The local people, English and Spanish had been very nice.

The doorbell brought Gayle back to reality. She looked through the fishbowl peephole expecting to see Pepe but instead she saw two blue-coveralled Spanish workmen.

What could she do but open the door?

 

 

4

Sue Crawley looked up from the computer screen. “Oh, the old girl´s bloody minted,” she declared, sitting back and twirling her blue necktie around in celebration. “Look at this.”

Frank Farley closed one eye and ran down the numbers. “Oh, that’s lovely, that is. What´s all that about.”

“Widow´s pension. Company pension.” Sue shook her head. “This must be her house when she sold up. My guess is her hubby paid the flat in Torrox and basically set her up.”

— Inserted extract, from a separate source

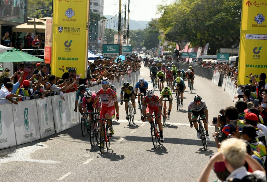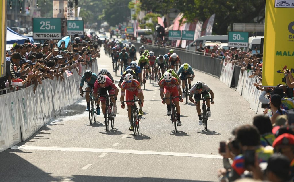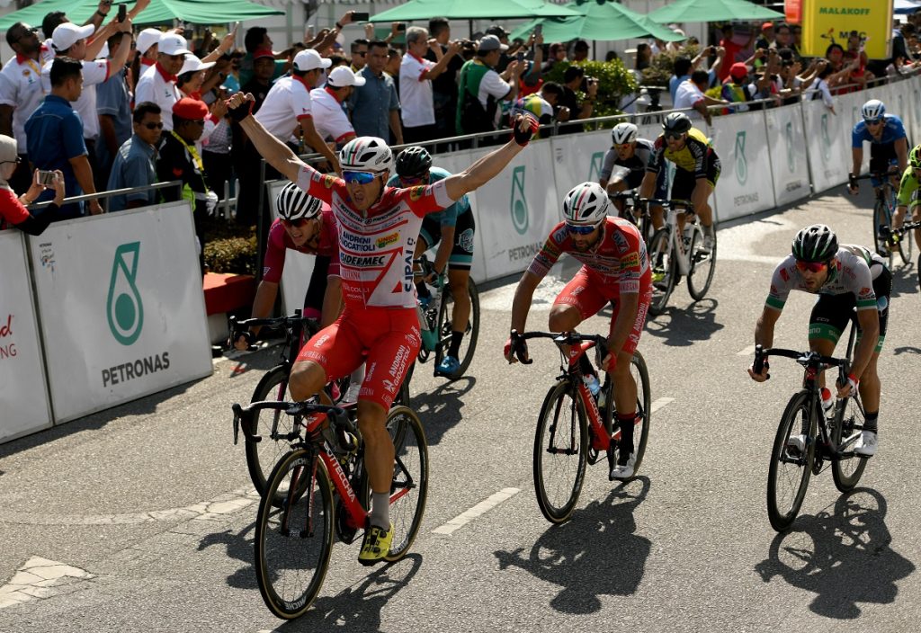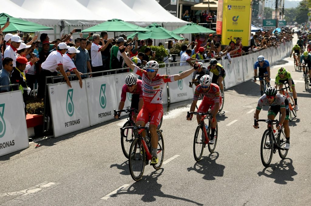 Le Tour de Langkawi – Day 8 LANGKAWI, MALAYSIA – APRIL 13: Marco Benfatto of Androni Giocattoli-Sidermec celebrates victory after winning Stage 8 of the 24th Le Tour de Langkawi 2019, Dataran Lang to Kuah (103,8 km) on April 13, 2019 in Langkawi, Malaysia. pic By Khalid Redza

Sue´s boss stood up and rubbed his fingers under his nose. “We´ll sort this out, Sue. You and me.”

“I can handle it, Frank. Really. She likes me.”

“Ha ha, very good.” Frank picked up his phone and scrolled through the messages. Through the glass window was Maria, their Spanish secretary, and beyond that the gorgeous Med. “How come no-one else has got hold of her yet?”

Maria knocked and opened the door. She was pretty but fierce looking. “The husband die in Nerja,” she told them. “Last year. Funeral here then the wife go home. She only come back to Torrox now.”

“Which answers your question, Susan, my love,” said Frank. He winked. “We just hooked ourselves a whopper.”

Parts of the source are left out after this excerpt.